Friday, March 11, 2016

You just can’t win!

1647: 

If vanity is the big trap in life, you’d think, after some decades of life, we’d have learnt about it and stopped ‘doing’ it. All I’m saying here is that for older people, who could be setting an example for the young, if they want to avoid neuroses concerning their lost youth and missed opportunities, they might need to stop running up their ‘vanity debts’. We should get used to paying-back as we go along, doing without some things, exercising a little self-restraint and add a touch of responsibility-taking. If we don’t go that way then we risk not being able to restore balance later in life, and then it all ends in tears.

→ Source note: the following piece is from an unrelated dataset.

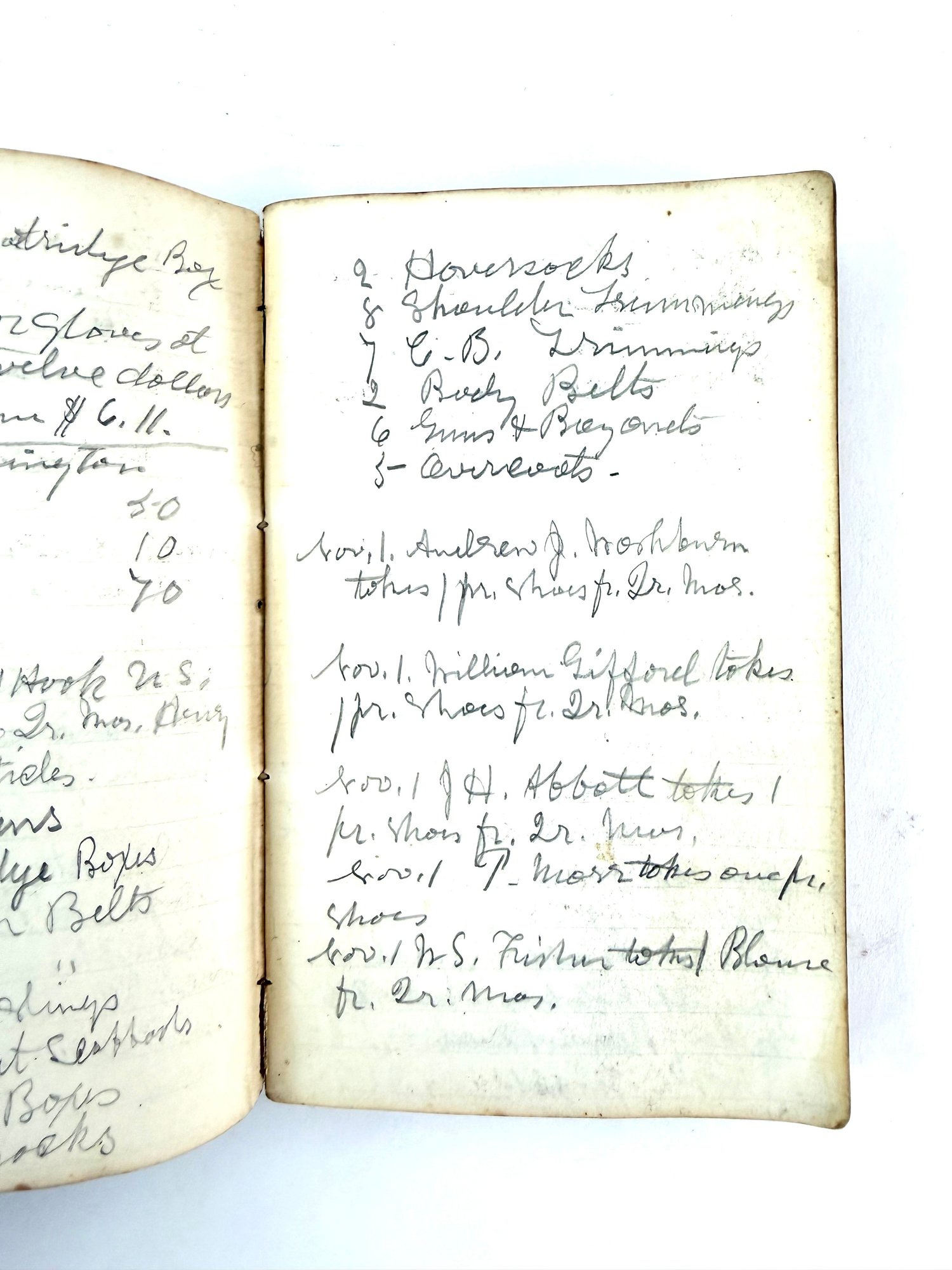 This leather bound document book has amount food purchases and rations. It talks about military supplies. It comes with a hand carved wooden opener.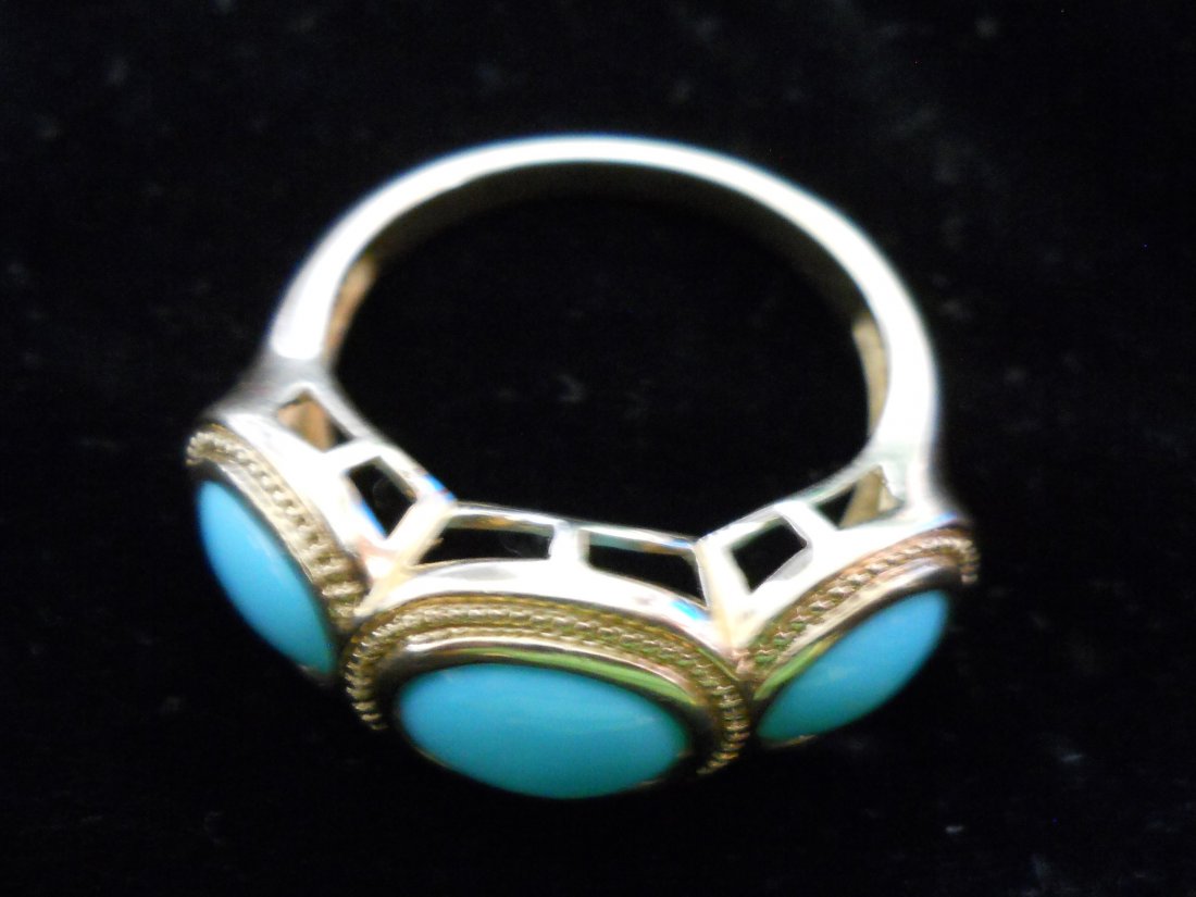 A Luminous 18kt Yellow Gold Ring with Central Cabochon Turquoise and Turquoise Beads, 9.21 grHIGH END GEMS & JEWELS LTD4.3(1)$1,1505 days Left

I can remember starting out in adult life eager to experience abundance and enjoy effortless, sensory experiences. But as I got older, and taking all this for granted, I tried to recapture some of the pleasure of past years, only to find that that pleasure required a whole lot more investment. Was I losing my capacity for pursuing pleasure?

As age creeps on and our health goes and then our strength, we have to more careful to measure what we do - we no longer run just for fun. Our body creaks so much that we can’t even run for a bus! If you speak with very old people they’ll say how important it is to ‘keep your health’, because once lost it’s very hard to get it back. For them, so they say, there’s pain every day. Whereas younger people don’t get much body pain and whenever they do it doesn't seem so serious - health isn’t such a big issue because they haven’t experienced it deteriorating yet. But they do know that good health and good looks go together, and energy, sexuality and a slim, athletic body are a main source of pleasure, and this somewhat pulls them into line. But up against this there’s a powerful need to extract everything possible from life.

On an everyday basis we try to excite the taste buds and satisfy food cravings. So here, on these familiar battle grounds, we tear ourselves apart, torn between pleasure and good sense, stuffing our faces with good-tasting but body-destroying foods. And it becomes such an all-consuming occupation that we forget that the rest of the world is going on around us, with many starving.

Here in the West, we are so privileged and have such opportunities to live life NOW, and that’s just great! But in the process we forget about the need to contribute towards ‘the greater good’. It’s a shame about that because something vital is spoiled in us because we forget about this. And then, we deserve to be criticised for living an indulgent lifestyle.


Huh! You just can’t win. But was it ever just about winning?